Jeśli nie nastąpi wypłata pieniędzy w ciągu 7 dni, będą złożone pozwy. Gotowych jest na to - wg dziennika - ponad 20 przedsiębiorców.
- Firmy domagają się średnio 400–500 tys. zł, co daje w sumie kwotę ok. 10 mln zł – wskazała Anna Coban z kancelarii Coban Legal.
Pozew przeciwko Skarbowi Państwa złożyli też właściciele sieci siłowni. Roszczenie dotyczy straty majątkowej i utraconych korzyści. Łącznie niespełna 460 tys. zł.
Wejście na drogę sądową rozważają też właściciele centrów handlowych.

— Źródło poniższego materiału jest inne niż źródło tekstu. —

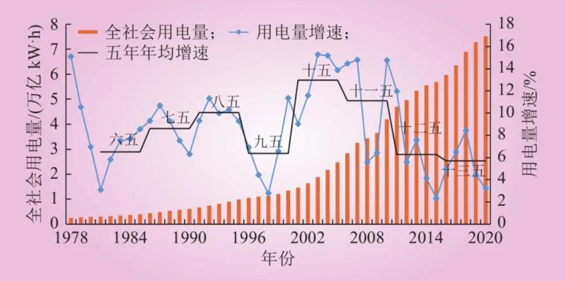 圖1 1978年以來(lái)中國(guó)全社會(huì)用電量及增速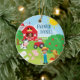 Give your little farmer his own special custom barnyard Christmas ornament! Holiday ornament has a cow, pig, sheep, cat, chicken, horse, and duck. Smiling in the corner is a bright yellow sun and in the foreground is an apple tree and young farmer kid. The pig has baby piglets and the sheep has a little lamb. Personalise the ornament with your young boy's first name on the front and the year and a photo on the back.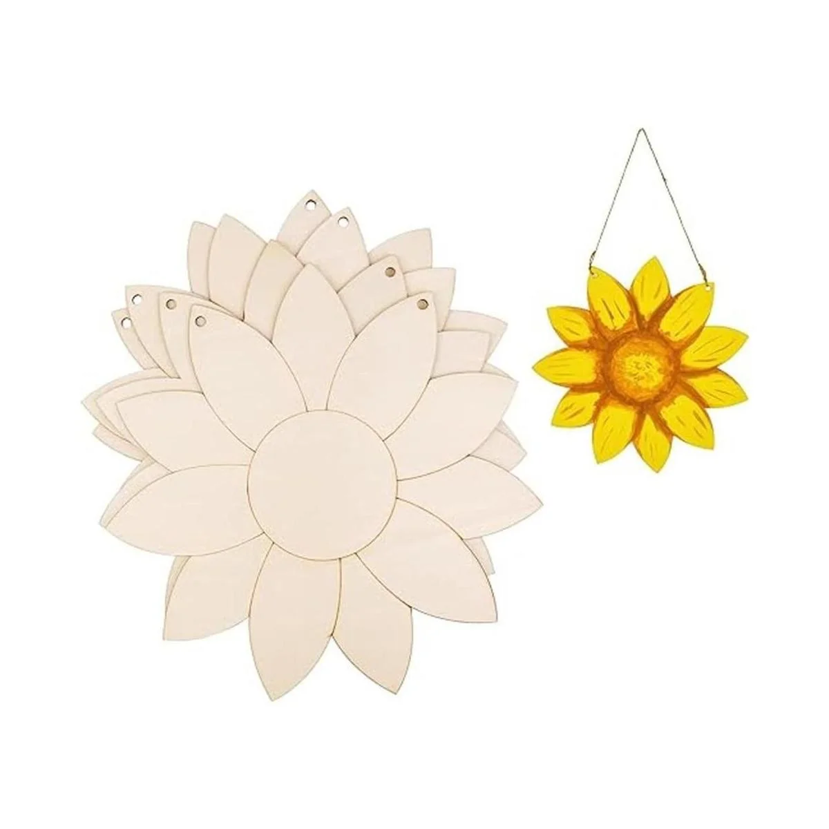 El paquete incluye 4 piezas de decoración de madera para colgar en forma de girasol con cuerdas para colgar, disfruta de la pintura de madera divertida con tu familia, suficiente para usar en la vida diaria.
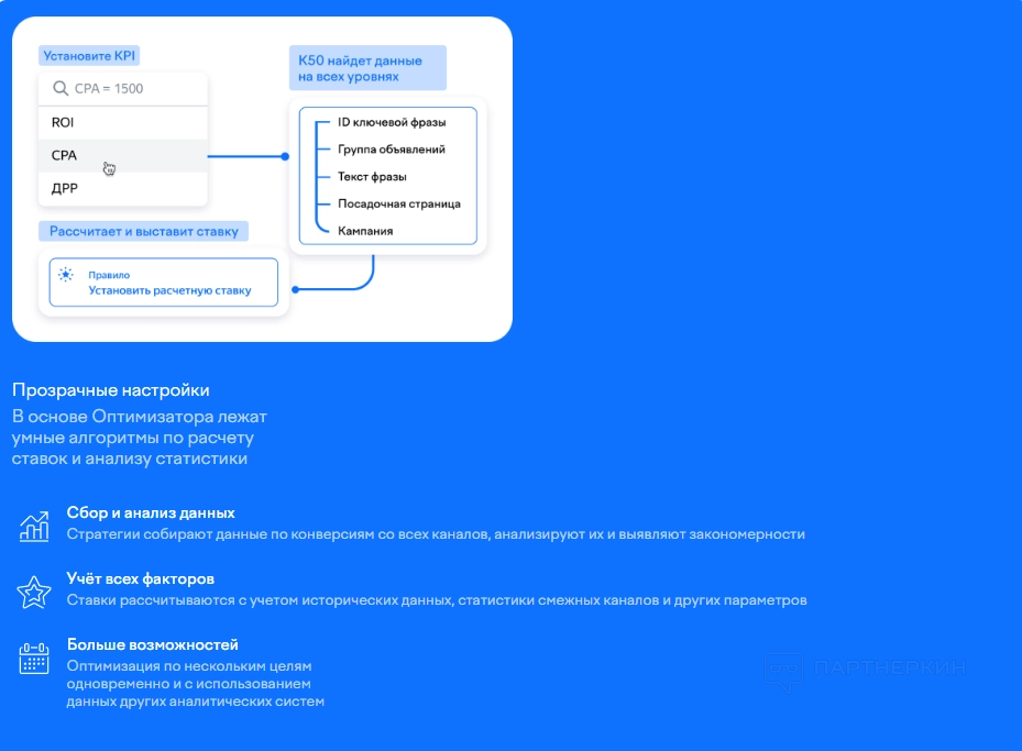 С помощью этого сервиса пользователи платформы K50 смогут автоматически оптимизировать рекламные системы. Для работы с этим инструментом нужно перейти по ссылке.
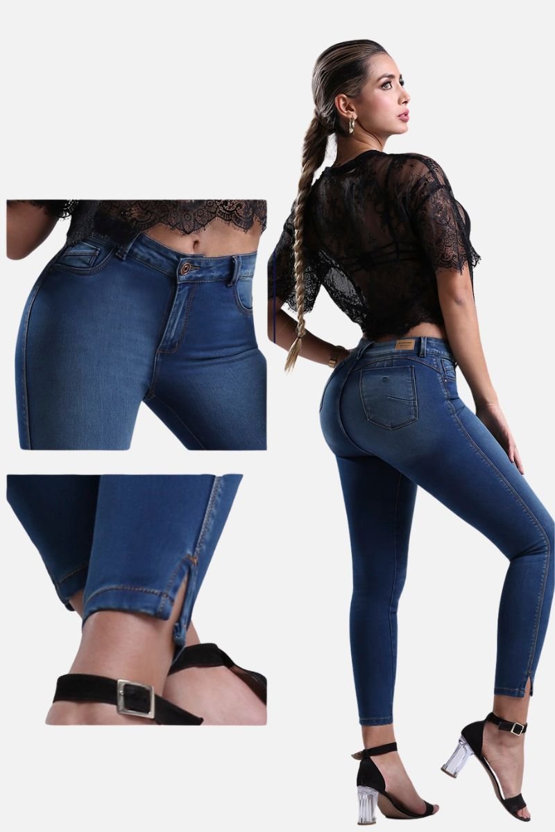 Eleva tu estilo con este jean skinny de tiro alto que combina diseño moderno, comodidad y realce de figura, este jean se adapta a tu cuerpo como una segunda piel. Su efecto moldeador en glúteos y abdomen te hará lucir espectacular sin sacrificar confort.

Jak pisze "DGP", w Polskiej Radzie Centrów Handlowych w przyszłym tygodniu jest zaplanowane spotkanie w tej sprawie. Pozwy szykuje również branża transportowa.
Z pozwem nie zamierza za to występować prezes sieci restauracji Sfinks Sylwester Cacek.
- Na pozwach zarobią głównie prawnicy. Pytanie, ilu przedsiębiorców szczęśliwców doczeka wyroku? - stwierdził.